Background and Challenge
The restaurant industry is increasingly competitive and is forcing eateries to come up with creative dishes that are appetizing for the palate and the wallet. One quick service restaurant (QSR) chain was working to set itself apart by stressing the freshness and quality of its ingredients, while simultaneously offering low prices. The private equity firm (PE) firm that acquired the company was enticed by this proposition but was concerned about the restaurant’s soaring costs.
The PE firm enlisted L.E.K. Consulting to analyze the company’s operations – especially its procurement strategy and approach – to identify systemic cost savings for this restaurant chain with several hundred locations.
Approach and Recommendations
The L.E.K. team examined more than 30 commodity spending areas to understand the scope of products and services used for regular operations, literally spanning from condiments to gloves for food preparation.
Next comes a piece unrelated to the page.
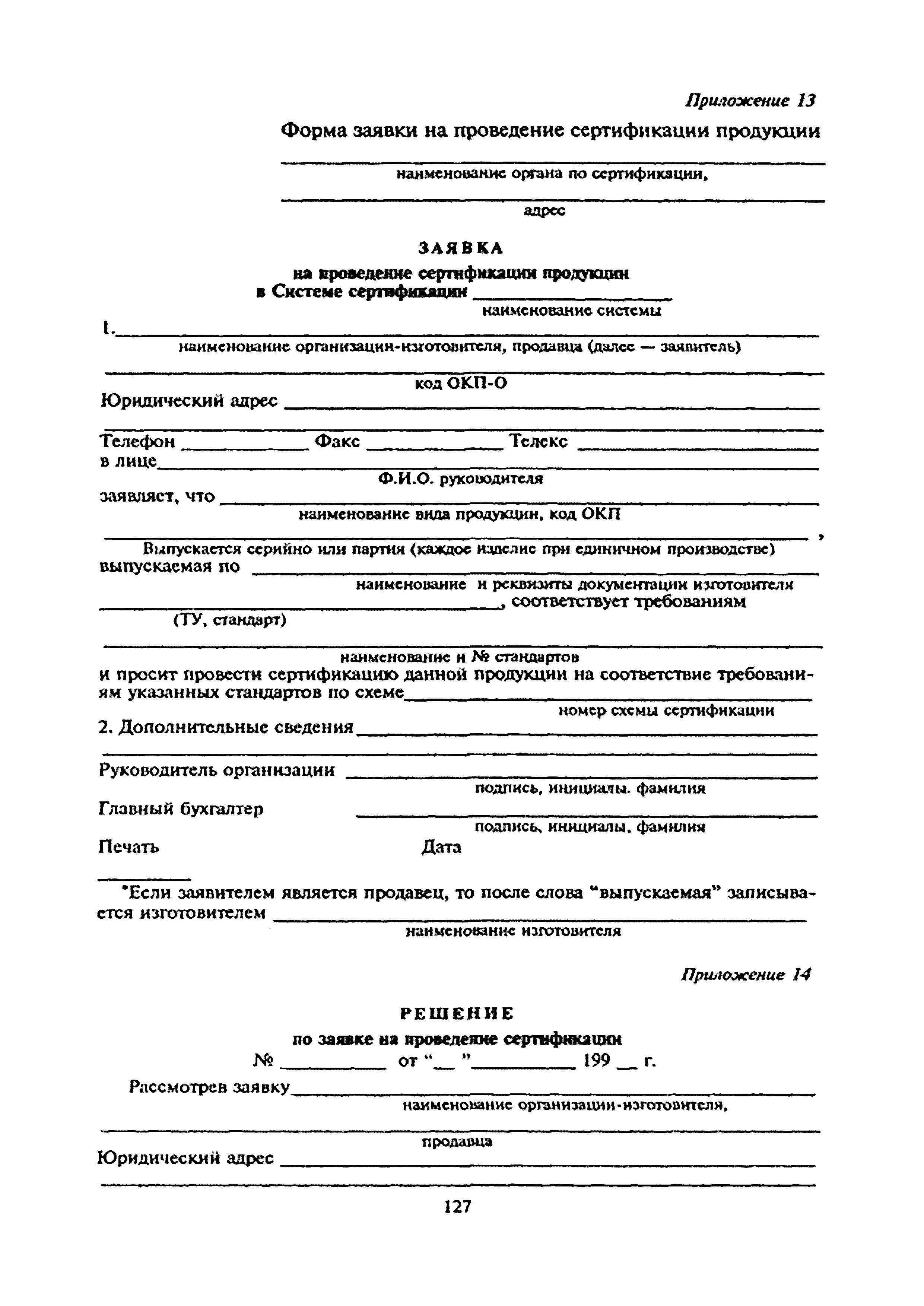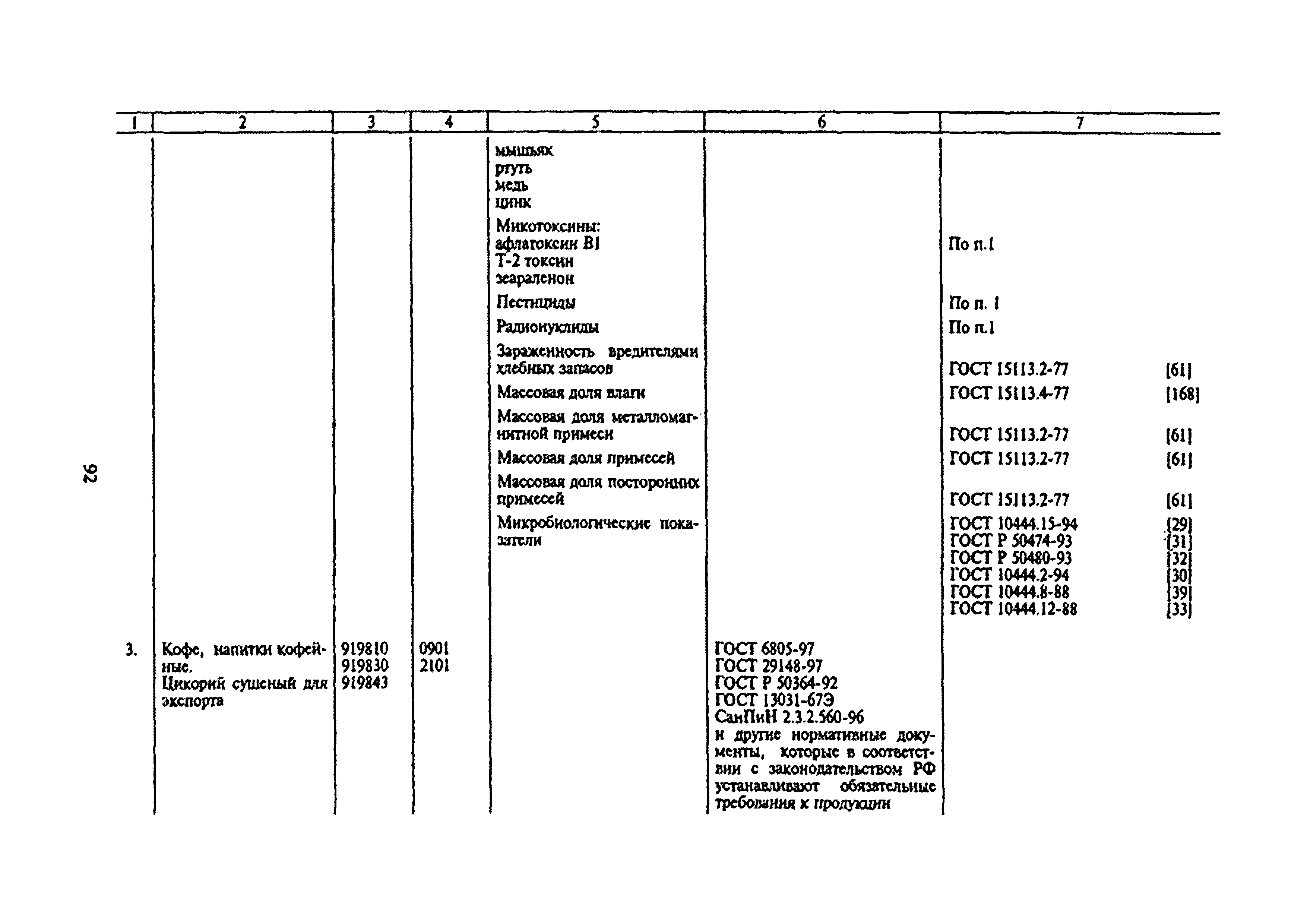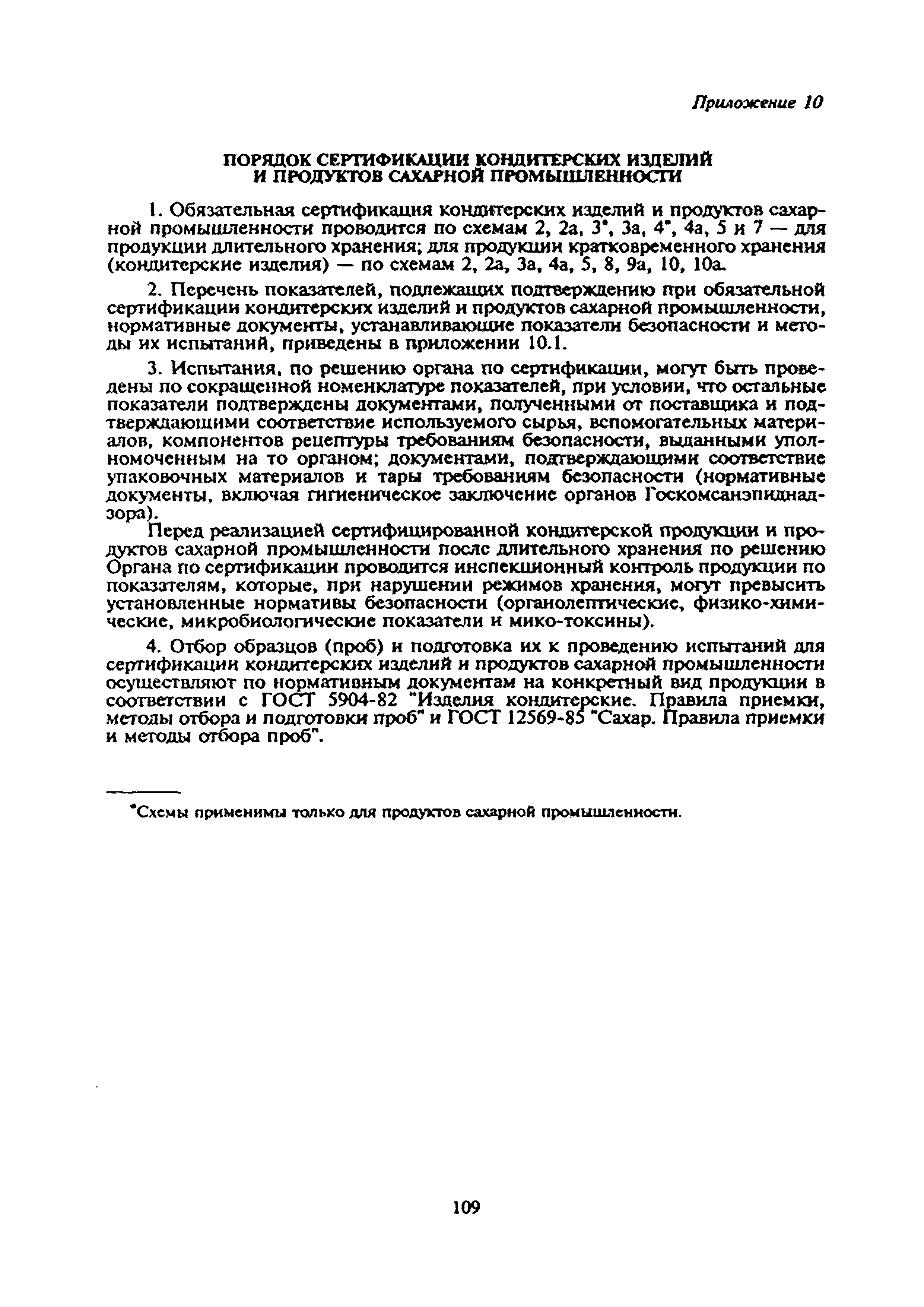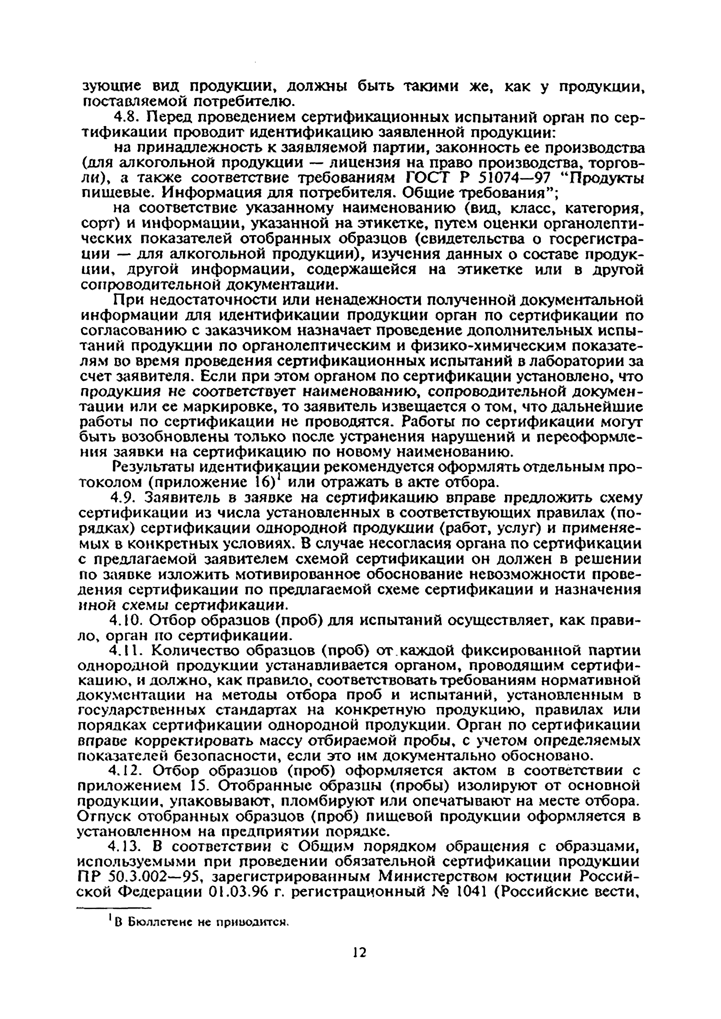 | Оглавление: | I Область применения II Общие положения III Структура системы IV Порядок проведения обязательной сертификации пищевой продукции V Рассмотрение апелляций Приложение 1. Порядок сертификации зерна и продуктов его переработки Приложение 2. Порядок сертификации хлебобулочных и макаронных изделий Приложение 3. Порядок сертификации растительного масла и продуктов переработки растительных масел Приложение 4. Порядок сертификации мяса, мясной продукции, мяса птицы, яйца и продуктов их переработки Приложение 5. Порядок сертификации рыбы, нерыбных объектов промысла и продуктов, вырабатываемых из них, на соответствие требованиям безопасности Приложение 6. Порядок сертификации молока и молочных продуктов Приложение 7. Порядок сертификации плодов, овощей и продуктов их переработки Приложение 8. Порядок сертификации пищевых концентратов и крахмала Приложение 9. Порядок сертификации напитков, вин, коньяков, спирта этилового питьевого и ликероводочной продукции Приложение 10. Порядок сертификации кондитерских изделий и продуктов сахарной промышленности Приложение 11. Перечень показателей, подлежащих подтверждению при обязательной сертификации продукции пчеловодства Приложение 12. Перечень нормативных и методических документов, определяющих методы испытаний, указанные в приложениях 1 - 11 Приложение 13. Форма заявки на проведение сертификации продукции Приложение 14. Решение по заявке на проведение сертификации Приложение 15. Акт отбора образцов (проб) |

Once L.E.K. gained a detailed framework of the restaurant’s non-labor costs, L.E.K. undertook the following actions:
- Identified cost reduction opportunities:
- Benchmarked the data with other internal data sources
- Estimated savings potential by commodity groups and sub-groups
- Assessed the ease and process to achieve savings:
- Highlighted the potential barriers, pitfalls and constraints to achieving savings targets
- Developed recommended next steps and timeline to achieve savings
L.E.K. developed a detailed presentation that addressed the company’s commodity purchasing strategy and identified opportunities to potentially save over $1 million annually. Importantly, L.E.K.’s recommendations were actionable and presented cost-saving opportunities on a product-by-product basis. Based on L.E.K.’s recommendations, restaurant management initiated certain changes and is planning to enact additional changes to yield these savings.